B. Feature Selection: 


The noticeable features selected to be inputted into the model are the drought severity 
levels. In addition, a “DSCI index” calculated from the drought severity levels is used as 
an input which summarizes the strength of the drought at that time-step. Since climate 
follows a cyclical pattern throughout the year, it makes sense to utilize the date of the 
time-step. However, feeding the model a raw timestamp as an input doesn’t capture the 
cyclical nature of the yearly seasons. Instead, an approach called circular encoding is 
implemented. The date of the time-step is converted to the week of the year (1-52). The 
week is then normalized linearly between 0 and 27 and passed through a trigonometric 
function to get an encoded representation between —1 and 1. Both sine and cosine 
representations are used in juxtaposition to counter the inherent non-linearity of a 
singular trigonometric function. All in all, nine inputs are used in each time-step. The 
output layer displays six numbers corresponding to the future percentage of each drought 
severity level. The context window for the input time-steps is 104 weeks (about 2 years). 
This number was decided upon after consideration of hardware constraints. The basic 


model output predicts the drought severity level one week in the future. However, this 
timeframe is extended using a method explained in later sections. 


C. Model Implementation: 


Since the AI forecast was intended to be focused on the California region, the combined 
dataset would introduce unnecessary noise to the process. To settle this issue, this study 
uses transfer learning. In the first half of training, a smaller model would be trained on 
the nationwide dataset. During the second stage, the output layers of the model would be 
fine-tuned on the California-only dataset. This method would effectively resolve the issue 
of national drought patterns being slightly different than that of the California region 
while at the same time allowing the neural network enough data to accurately model 
general drought trends. 


Shifting the focus to model architecture, an LSTM (Long Term Short Memory) was 
utilized. LSTM networks excel at time-series prediction due to their inherent structure. 
Each historical time-step is fed through the network individually in chronological order. 
The LSTM structure contains processes which encode the prior time-steps, similar to 
human memory. If a time-step is deemed irrelevant to future predictions, it is “forgotten” 
by the network. The criterion for “forgetting” a time-step is an attribute trained through 
gradient descent. This architecture is explained further in Understanding LSTM by 
Staudemeyer and Morris. for further information about this architecture. The clever 
mechanisms contained by the LSTM network are perfectly suited to modelling our 
drought patterns which depend on chronological sequences. 
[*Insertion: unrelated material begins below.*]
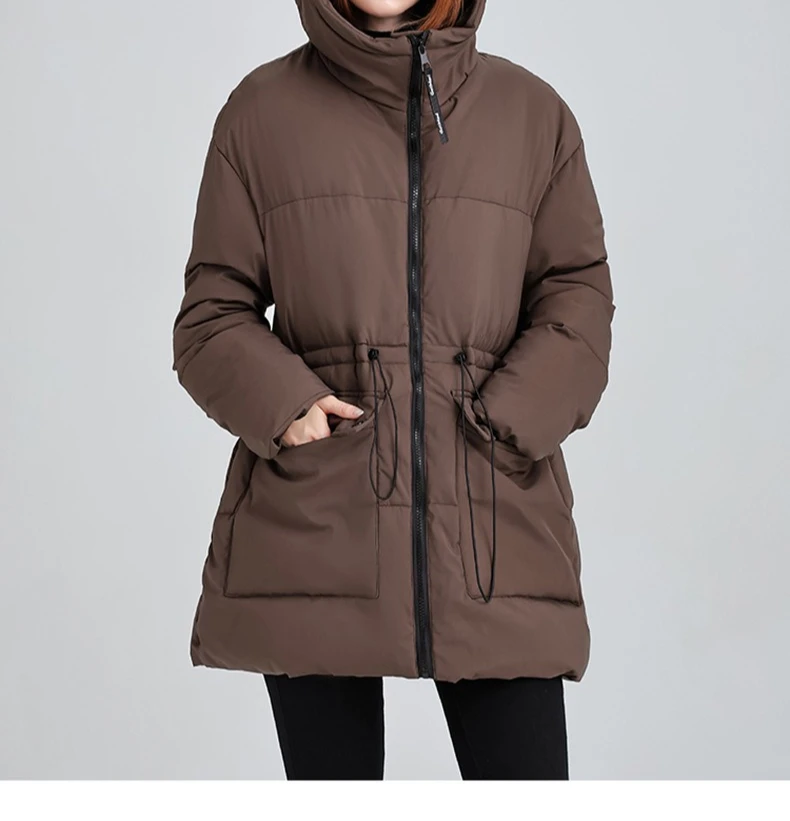 "J'ai été très satisfaite de cette veste en coton à capuche. Elle est vraiment épaisse et chaude, parfaite pour l'hiver. J'aime sa coupe ample et amincissante qui me met en valeur. Bien que la capuche soit un peu grande pour ma tête, cela ne me dérange pas vraiment. La qualité des matériaux est excellente et la veste semble durable. C'est une excellente acquisition pour la saison froide !"

D. Hyperparameters and Reproducibility: 


The first training stage incorporates a model with a nine-neuron input layer followed by 2 
LSTM layers measuring 64 neurons each. The output layer measures six neurons and 
solely linear activation functions are utilized in this stage. The second training stage 
freezes the weights of the first two LSTM layers but adds a 3", trainable LSTM layer 
which also measures 64 neurons. A feedforward layer of 32 neurons with a RELU 
activation is incorporated before the output layer which is also retrained to fit the smaller 
dataset. The batch size for the first stage was set at 2048 with the gradients 
backpropagated every batch. The second stage did not require batch training because of 
the small dataset size. 


Results and Discussion: 


A. Training: 


The model's accuracy improvement was rapid initially but slowed down as the gradient 
approached a minimum loss point. The training was halted when the model started 
showing early signs of overfitting, which was when the training loss started decreasing 
without a corresponding decrease in the validation loss. Both stages showed similar 
learning curves, although the second stage naturally had a higher initial accuracy due to 
its "general knowledge" of the drought patterns.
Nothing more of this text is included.